Honor Council Releases Fall '11 Results
Empire State Building, NEW YORK– Nine students, just under two percent of the student body, received consequences from the Honor Council last semester, according to a report issued by Dean of Students Dean Leedy. This is the first time the council has publicly released hearing results.
The hearings involved cases of physical threats to a student, repeat noise infractions in housing, repeat visitation violations, underage drinking, possession of alcohol in housing and serving alcohol to underage students.
The majority of offenders were first-year students, which has been typical in the past, Leedy said. However, Leedy noticed a “significant shift” last semester.
“Most Honor Council hearings [last semester] have involved isolated incidents, with one or two students making a series of poor choices,” Leedy said. “Prior to this academic year, we typically saw more systemic issues. Groups of students would make poor choices together and reinforce each others’ poor decisions.”
The Honor Council placed eight students on disciplinary probation, removed two students from leadership roles on campus and required one student to complete an alcohol education program. In one case, the Honor Council suspended a student with multiple infractions.
Suspensions and probation usually last one semester while removals from leadership vary. Suspensions, probation and removals from leadership are almost always temporary.
Only cases involving illegal activity and potential harm to the King’s community are immediately elevated to the council. Third offenses, which require a meeting with Leedy, are passed to the council as Leedy deems necessary.
The Honor Council consists of four students, one staff member and one faculty member for each hearing. The pool of representatives include: Jessica Lee (SBA), Ali Lane (SBA), Natalie Nakamura (Barton), Catherine Allen (QE1), Kristen Lee (ten Boom), Katie Darby (Thatcher), Tia Brown (Truth), Rosie Jonker (Truth), Burk Ohbayashi (Bonhoeffer), Jonathan Sheaffer (Churchill), Mike Medeiros (Lewis), Dan Woerner (staff), Christina Rogers (staff), Shelli Cline (staff), Dru Johnson (faculty) and Noel Rabinowitz (faculty). Adam Brill and Alex Ige (both Reagan) were recently added to the pool.
Katie Darby (’12) attended two cases last semester and debated on the council for hours on one of those cases.

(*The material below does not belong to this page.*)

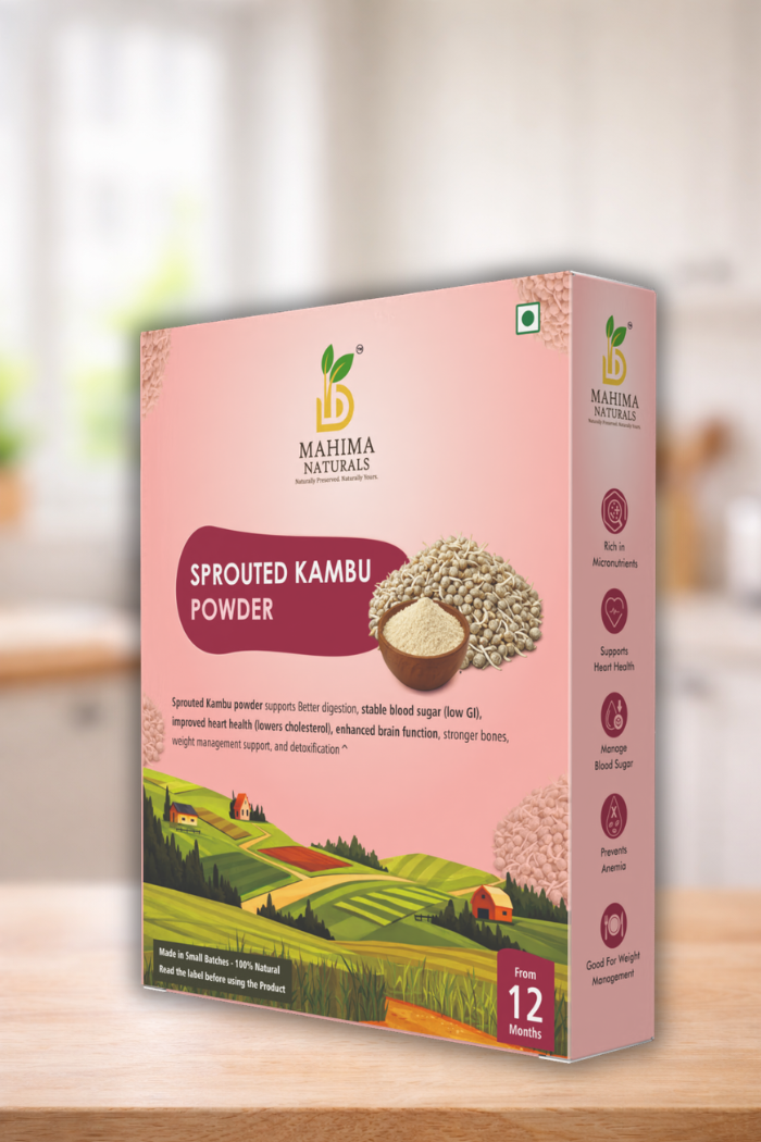 Sprouted Kambu (Pearl Millet) offers enhanced nutrition, easier digestion, and better nutrient absorption due to sprouting, boosting iron, B vitamins, and antioxidants while reducing anti-nutrients. Its benefits include improved gut health, better blood sugar control (low glycemic index), stronger immunity, heart health support (magnesium, potassium), and relief from acidity and body heat, making it excellent for all ages, particularly children, women, and diabetics.

“It’s not fun,” she said. “You have to see [the accused student] again, and they know that you made those results.”
Darby hopes students trust the Honor Council is not “out to get them.” She says the rulings may seem harsh, but students do not get to hear the deliberations or prayers behind their ruling.
“We’re the reality that there’s consequences behind not following the Honor Code,” Darby said. “But we don’t want to just assign consequences. We want to see people improve. We’re really trying to come beside people and lift them up … and do what it takes to see that person better themselves."
The second part of the Honor Code, to confront peers in the wrong, is what Vice President of Student Development Eric Bennett calls "the most important part."
"If you don't get that piece, you won't have the strength to change society," Bennett said. He argues that friends should be the easiest to confront, while confronting future co-workers and bosses will require greater integrity.
Bennett believes the changes Student Development have made to the honor system this year have successfully increased honor in the King's community. Those changes include House discussions of honor, letters explaining honor to incoming students and increasing the proportion of students on the Honor Council.
"Thinking about honor has moved out from Student Development to other areas of the college," Bennett said.
Director of Spiritual Life Ray East sees a correlation between honor and spiritual life and believes both have slowly and steadily grown over the past three years.
East draws a distinction between cultural Christianity and Biblical discipleship. According to East, cultural Christianity is a mindset of the right doctrine, church and actions in order to live comfortably. Biblical discipleship is learning over a lifetime how to put God first and at the center of one’s life.
“Biblical discipleship is not, ‘What do I have to do?’ but, ‘What do I get to do?’” East said. “As that mentality takes root, we’ll shoot honor through the roof.”